6 oz Korean fish cakes, cut into bite-sized triangles 

3 green onions, sliced into 2" pieces, plus more for garnish 

1 tsp toasted sesame oil 

Toasted sesame seeds, for garnish 

Method:  

Making homemade anchovy broth is simple, toast anchovies in a sizable pot over medium-low heat for 2 minutes while stirring constantly. Bring to a boil over high heat while adding the salt, water, and mushrooms. Simmer for an additional 15 minutes with the heat reduced to medium-low. Take the mixture off the heat, add the kelp, and let it steep for 10 minutes. If preferred, reserve the kelp, mushrooms, and fish for another purpose before straining. 

In the meanwhile, if using hard, chilled rice cakes: If the cakes are stuck to one another, separate them, then rinse in cool water and drain. 3 cups of hot water should be added to a big basin to cover the cakes. 15 minutes of soaking is required to soften. Drain, then set apart. 

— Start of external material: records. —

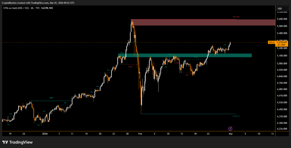 Gold continued to outperform trading near $5278 as risk assets amid intensifying geopolitical tensions. Substantial gains for gold prices in late February as investors sought refuge from equity and crypto market stress, with precious metals rallying while BTC and other risk instruments declined.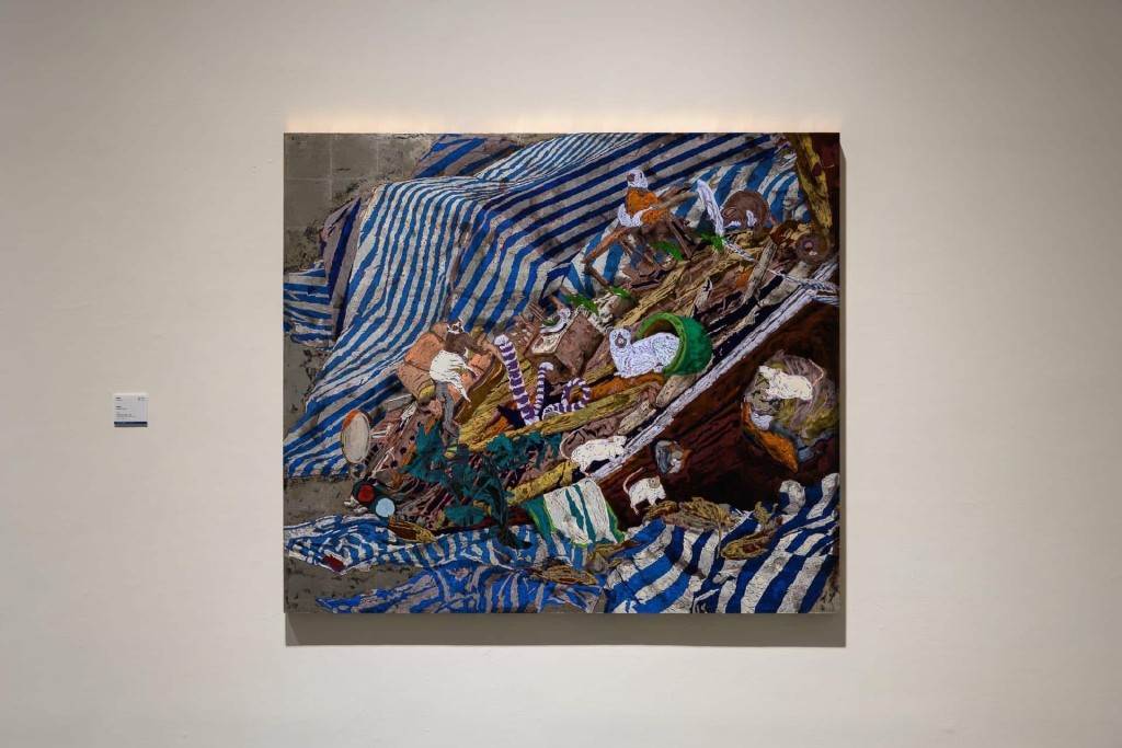 蕭珮宜的作品與論述之間猶如鏡像,呼應著藝術家對當代環境的理解與關照——一個滿是棄物的景象,在藍白塑膠布上堆積、崩塌。除此之外,《寶藏船 II》更令人眼睛為之一亮的,是蕭珮宜在畫面層次做工上的嚴謹與精緻,堆起每一層技法與技術的美感和品味。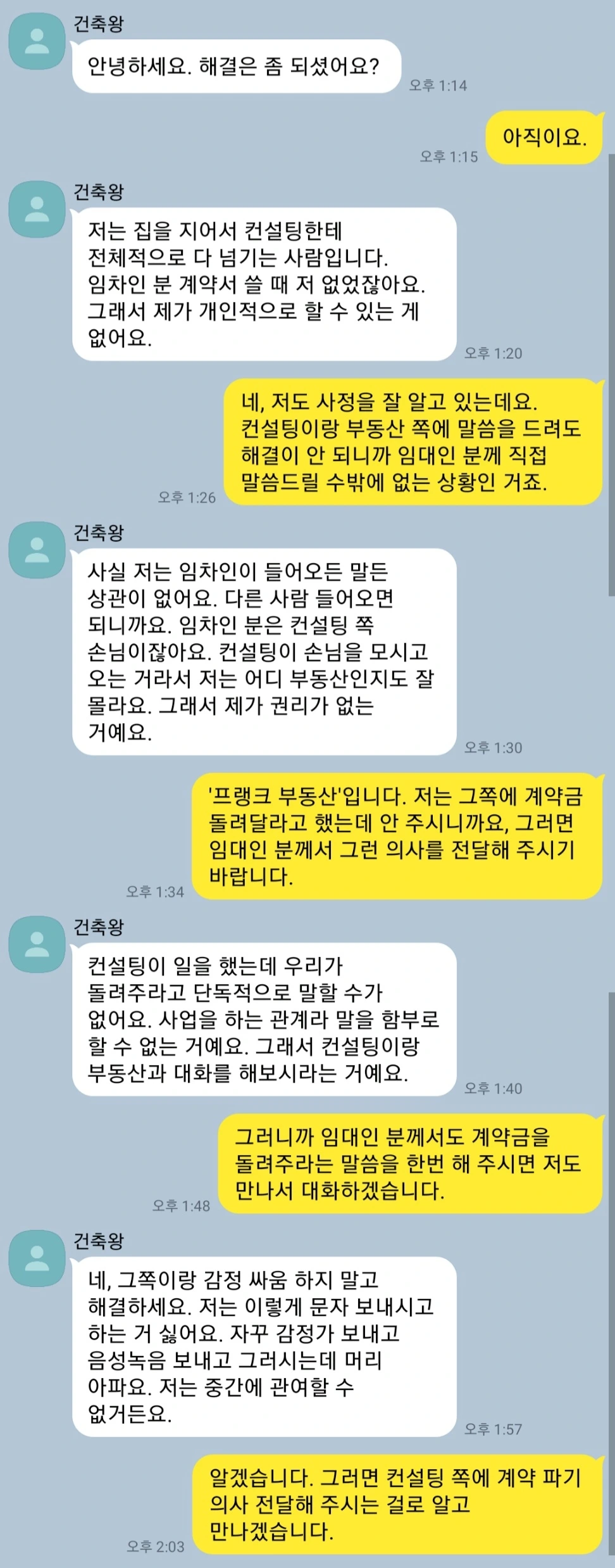 나: 저한테는 회장님이 아니라 그냥 임대인입니다. 임대인의 대리인이 있다고 해도 어쨌든 임대인 분 통장으로 돈을 보내드렸고요. 프랭크 씨가 아무 요청도 안 들어주시고 계속 비협조적인 취급 하시니까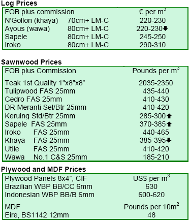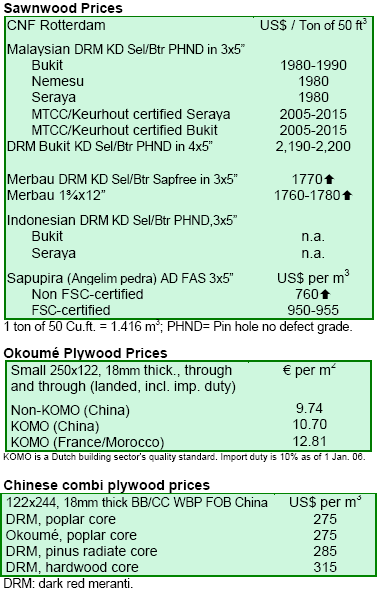 There was active trade of meranti, sapele and sapupira rough sawn timber, tough less dynamic than in the May-mid July period due to adequate inventory levels. Demand for meranti sawnwood continued to be quiet although some traders reported activity for quick deliveries of drm 3x5¡± and particularly 4x5¡±. Items in thickness 7/4¡± and, to a lesser extent, 2 1/2¡± were trading slowly. Overall, the CNF Rotterdam level of most meranti products remained extremely firm and changes were not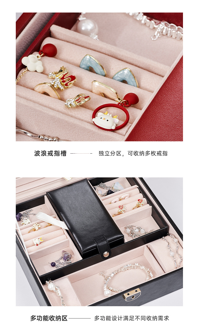 Boda cumpleaños alta sensación caja de joyería anillo de gran capacidad relojes pulseras portátiles con joyería caja de almacenamiento de bloqueo al por mayor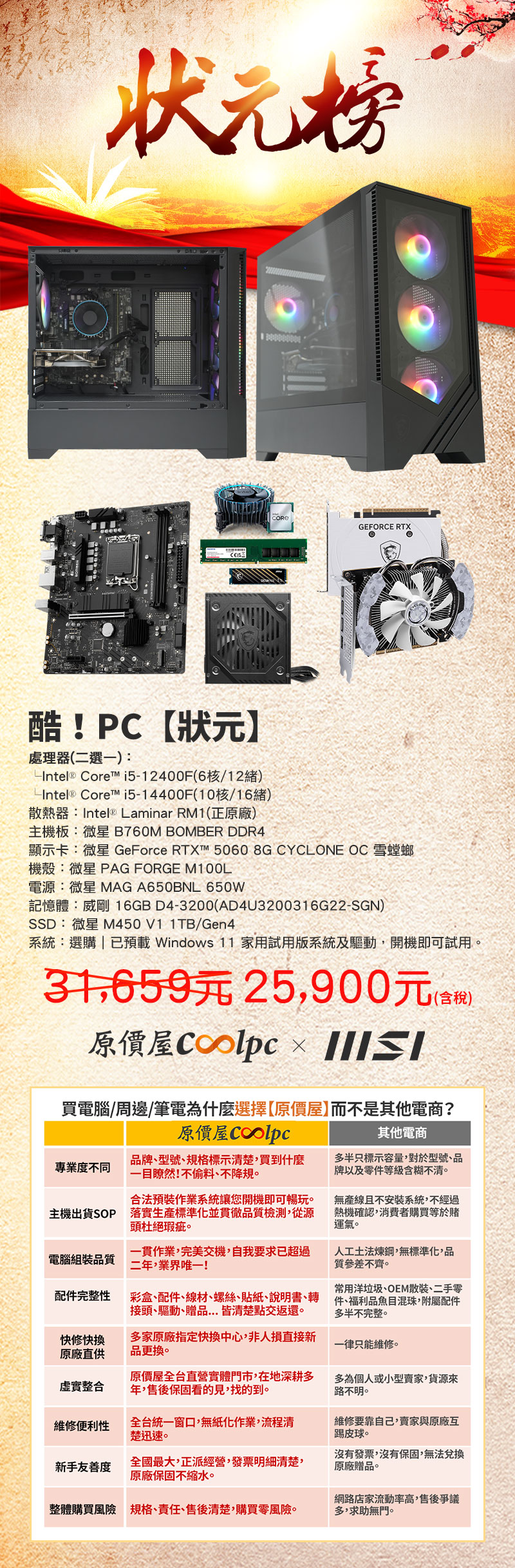 酷!PC【狀元】NT$31,659↘NT$25,900|限量 150 台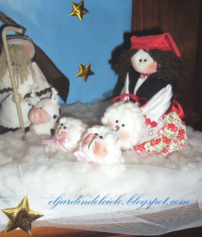 Os presento por fin mi belen. Lo hice el año pasado para mis hijas y fué el culpable de que me aficionara a la técnica soft. Lo montamos sobre una capa de nubes celestiales que mis hijas distribuyen por todo el salon en plan fiesta de la espuma. Estuve casi dos meses para hacerlo y este año le he añadido la cuna del niño jesús , un pescador con sus peces y la estrella . Quería hacer también los camellos de los reyes magos pero no he tenido tiempo ni se me ha ocurrido como hacerlos, pero todo se andará, igual para el día de los reyes magos aparecen.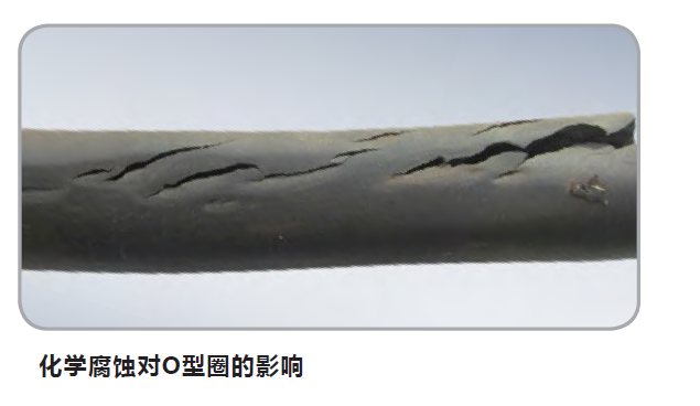 O型圈與化學(xué)物質(zhì)相接觸,導(dǎo)致彈性體交聯(lián)斷裂,彈性體硬化和脆化,最終失去彈性。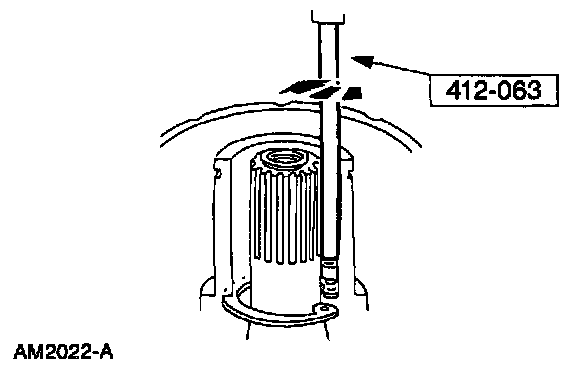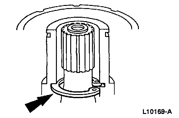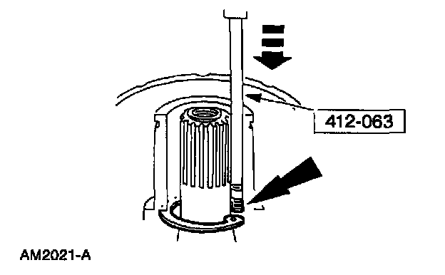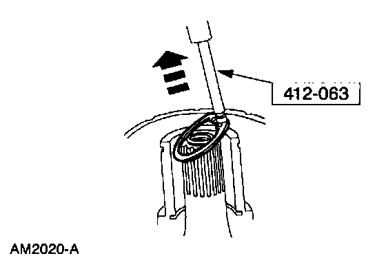 6. Pull the special tool up quickly while keeping the tool shaft against the side of the nose opening and remove the snap ring.

Heat oil in a big pot over medium heat. Stir for a minute, until aromatic, the gochugaru, gochujang, garlic, soy sauce, vinegar, and honey have been added. Bring to a boil after adding 2 cups of broth. Add the soaked rice cakes and simmer for 10 minutes, stirring frequently, until they are soft and tender. 

If additional stock is required to thin the sauce to the right consistency, add it. Cook the fish cakes, green onions, and sesame oil for about 5 minutes, or until the onions are tender. Garnish with more green onions and sesame seeds before serving.